Television was the game-changer, spearheading the resurgence of professional cycling in Europe in the 1980s. Taking advantage of the integration of Europe, race organizers capitalized on the magic of television to attract new European audiences, redesigning the stage circuits of the Grand Tours (Giro d’Italia, Vuelta a España, and the Tour de France) with the intention of tapping new urban centers that were outside of Spain, France, and Italy.[14] Television also globalized the European Grand Tours, introducing the cycling stars to the world, providing an opportunity for sponsors to reach a global audience, selling commercial air space, and as a result increasing revenues, salaries and profits for the whole sport.

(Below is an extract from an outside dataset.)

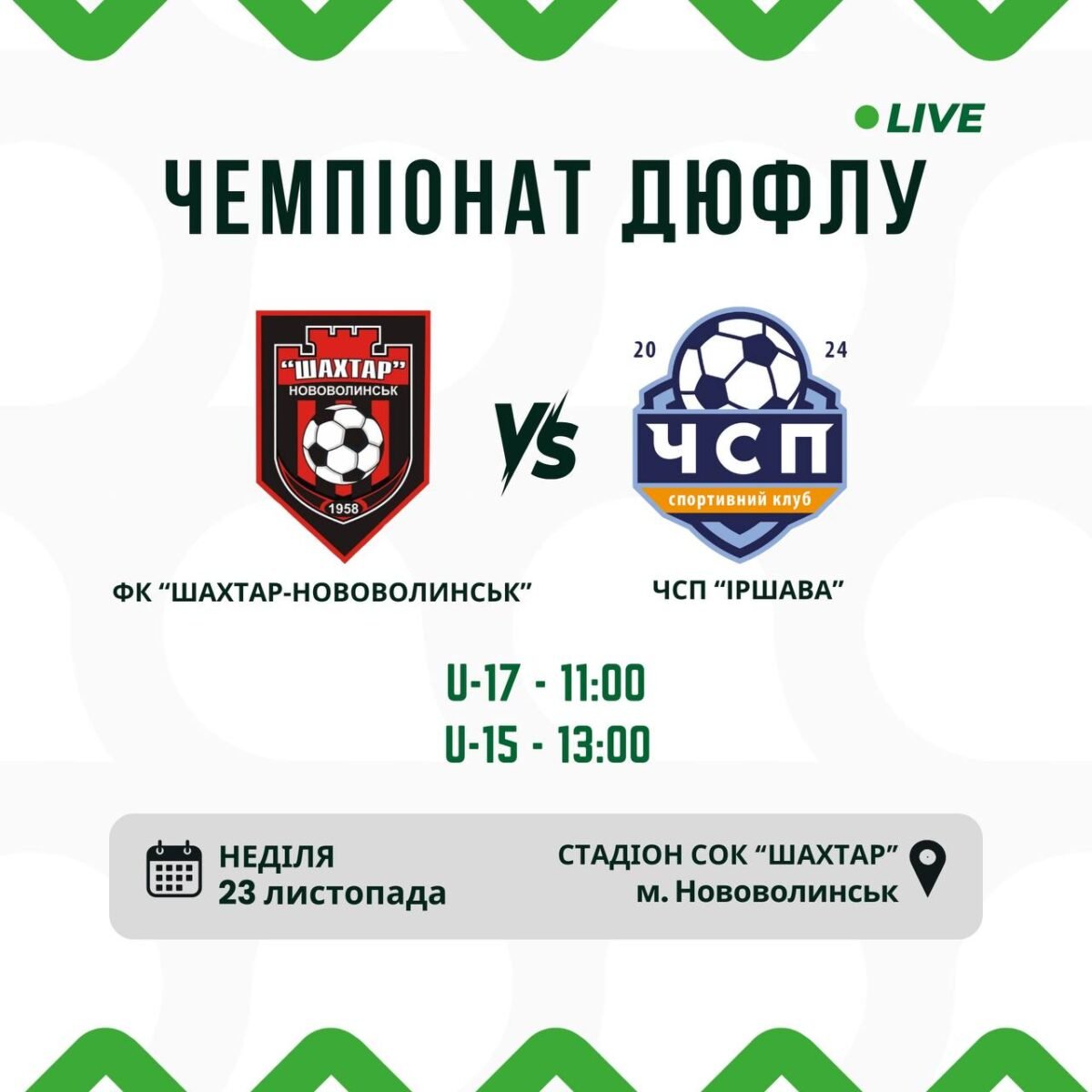 У Нововолинську зіграють матчі 15-го туру ДЮФЛУ

Jean-François Mignot points out that the globalization of the sport also impacted the nature of cycling teams. By the 1980s the teams competing in the Grand Tours were no longer made up of Spanish, Italian, and French riders; their nationalities diversified and so did their sponsors.[15] Although Mignot highlights the fact that by 1986 the American Greg LeMond had won the Tour de France, Colombia’s Lucho Herrera had conquered the Vuelta a España (1987), the Russian Evgueni Berzin the Giro d’Italia (1994), and the Australian Cadel Evans the Tour de France (2011), he does not point out that these foreign cyclists also brought with them new local sponsors that then began to compete with European sponsors.[16] Mignot avoids talking about the American Lance Armstrong, leaving a large gap in the history of the globalization of the sport, considering that the American rider won seven consecutive Tour de France championships (1999-2005) before the US Anti-Doping Agency and the Union Cycliste Internationale stripped him from his titles after a doping scandal. Although LeMond popularized cycling racing in the United States it was Armstrong that converted it into a multi-billion dollar industry bringing in American brands such as RadioShack and Motorola into the world of cycling.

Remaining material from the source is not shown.